Granted, I was sporadically gripped by personalities who had the poor taste to taint sports with truth: Muhammad Ali, Curt Flood, Arthur Ashe, Billie Jean King, Marvin Miller, Bill Russell, John Carlos, Howard Cosell, Dave Meggyesy, Jim Bouton. I’d detour into their legal cases or read their bestselling books, but there was always the GAME wooing me back to blessed unreality: gushing stats, oozing slo-mo, Roone Arledge’s crowd shots, Marv Albert’s descriptive brilliance, the silent beauty of Walt Frazier, the sight of Arnold Palmer smoking cigarettes on the fairway just like my father.

Heavyweight champ Muhammad Ali training at N'Sele Gym in Zaire on Oct. 23, 1974.
(Horst Faas / Associated Press)

Wow. Ditching blatant injustice for trivial distraction was dreamy.

Later, as a pseudo-adult, I began feeling slightly queasy about the social silence of megawatt athletes. Long before the warping of the word platform, I wondered why they never used their platforms. But as a cum laude rationalization major, I decided it was as unfair to equate (oh, let’s say) Michael Jordan with Bill Russell as it was to compare the power numbers of Sammy Sosa and Babe Ruth. Not only that, I reasoned that Ali-Ashe-Flood were the anomalies; Nike-Reebok-Adidas pitchmen, the norms. Not only that, I realized that most athletes were just kids, immunized against societal ills by parents, coaches, boosters and their own breathtaking physicality.

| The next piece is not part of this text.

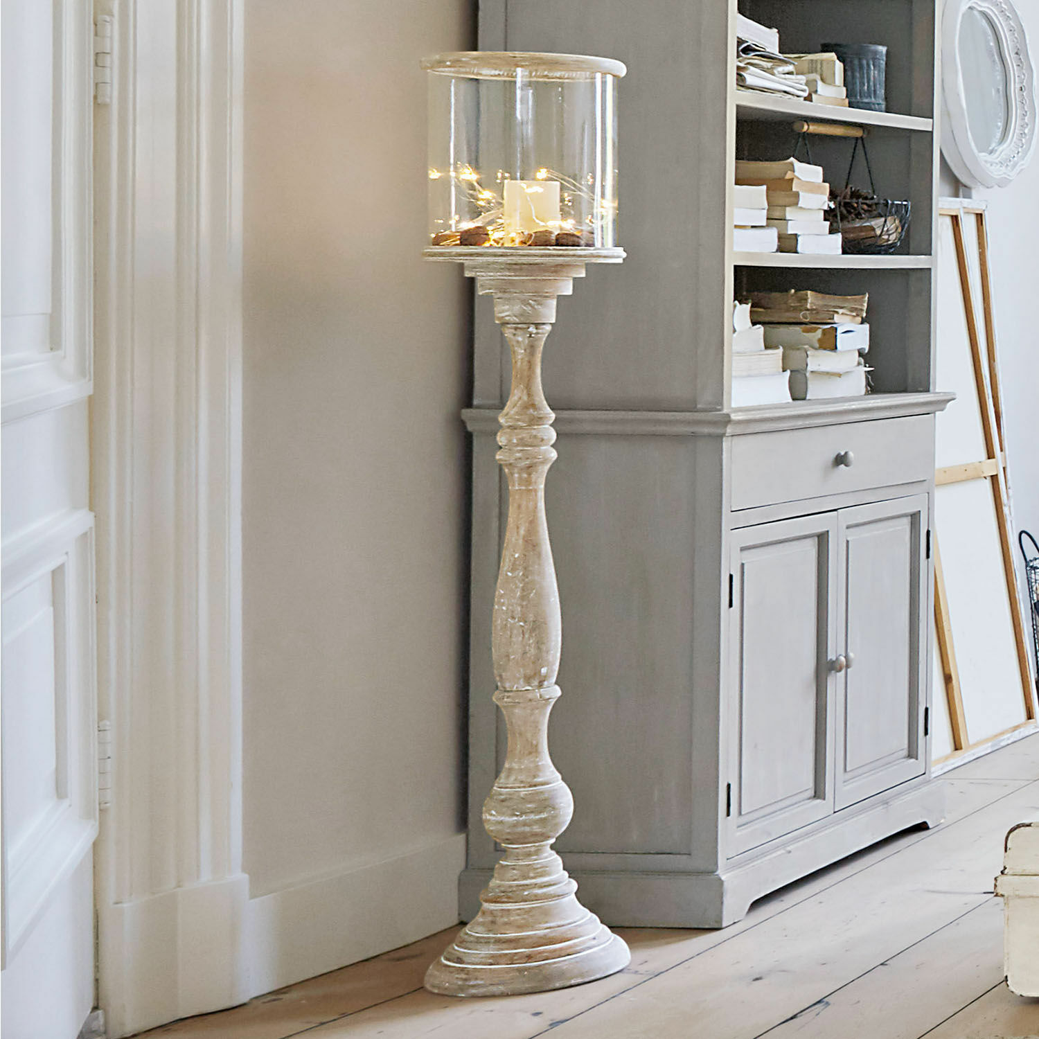 Ein Windlicht für Liebhaber eines stilvollen Auftritts und mit buchstäblich hohen Ansprüchen: Denn dieses Schmuckstück besticht durch sein großes Format. Hier verbindet sich kunstvolles Design mit einem sehr fein bearbeiteten Mangoholz, das mit einem White-Washed-Finish veredelt wurde. Das kunstvolle Deko-Objekt für schöne Lichtmomente verfügt über eine edle Glasfassung. Windböen haben dadurch keine Chance, die Kerze im Inneren wird unbeeindruckt weiterbrennen. Aber natürlich ist das Windlicht nicht nur für draußen auf Balkon oder Terrasse geeignet – es verwöhnt Sie auch in jedem Innenraum Ihrer vier Wände mit wunderbar flackerndem Kerzenlicht. Bei der Wahl der Kerzen für die dafür vorgesehene Halterung können Sie selbst kreativ werden, denn diese werden nicht mitgeliefert.

I still just wanted to enjoy the GAME.

Well, goodbye to that. Too much has happened in the world to keep believing that sports play an effective defense against reality, that fields, courts and rinks are pockets of Camelot.

In all his brilliance, LeBron James’ game was never esthetically pleasing: Since his get-out-the-vote efforts, his jumper looks so much more fluid, no?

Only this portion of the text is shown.